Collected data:
******************************

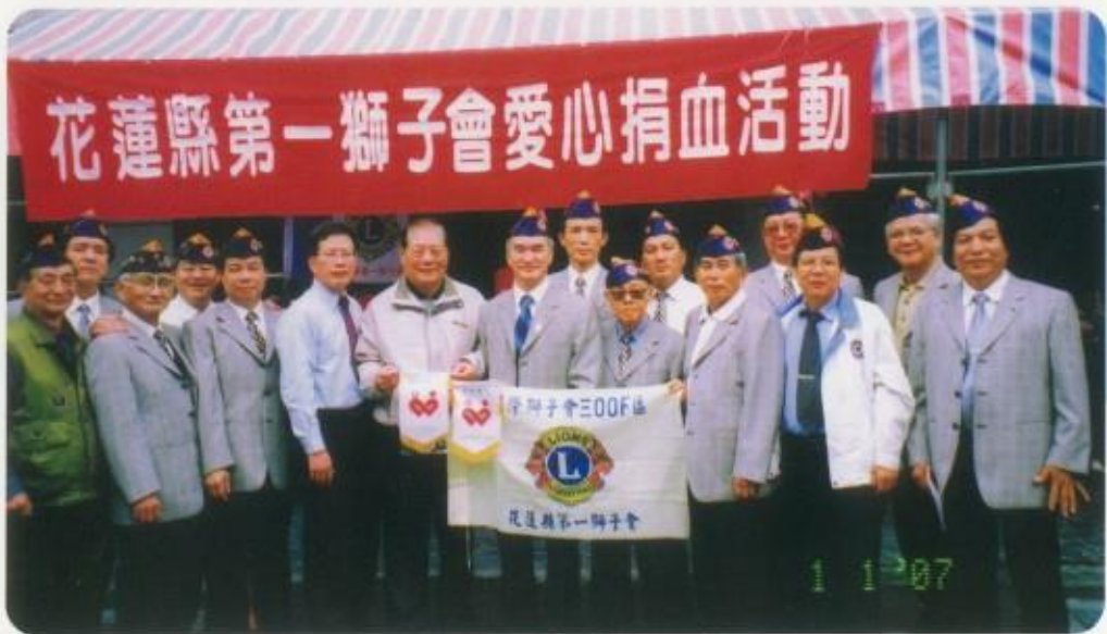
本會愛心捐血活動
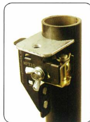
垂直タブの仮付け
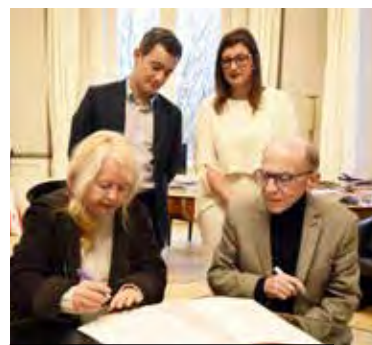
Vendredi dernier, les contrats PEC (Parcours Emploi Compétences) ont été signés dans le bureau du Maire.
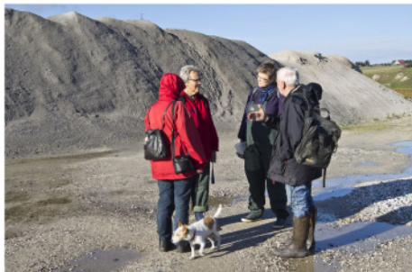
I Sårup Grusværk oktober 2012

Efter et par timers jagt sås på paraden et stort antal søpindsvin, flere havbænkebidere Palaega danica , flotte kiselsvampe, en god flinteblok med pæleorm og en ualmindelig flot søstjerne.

******************************

:: TASK INSTRUCTIONS ::
There should be an exact restatement of the lines from the line with "Vendredi dernier, les" through the last line of the entries above, and no pictures in it.

:: ANSWER FOR THIS EXERCISE ::
Vendredi dernier, les contrats PEC (Parcours Emploi Compétences) ont été signés dans le bureau du Maire.
I Sårup Grusværk oktober 2012

Efter et par timers jagt sås på paraden et stort antal søpindsvin, flere havbænkebidere Palaega danica , flotte kiselsvampe, en god flinteblok med pæleorm og en ualmindelig flot søstjerne.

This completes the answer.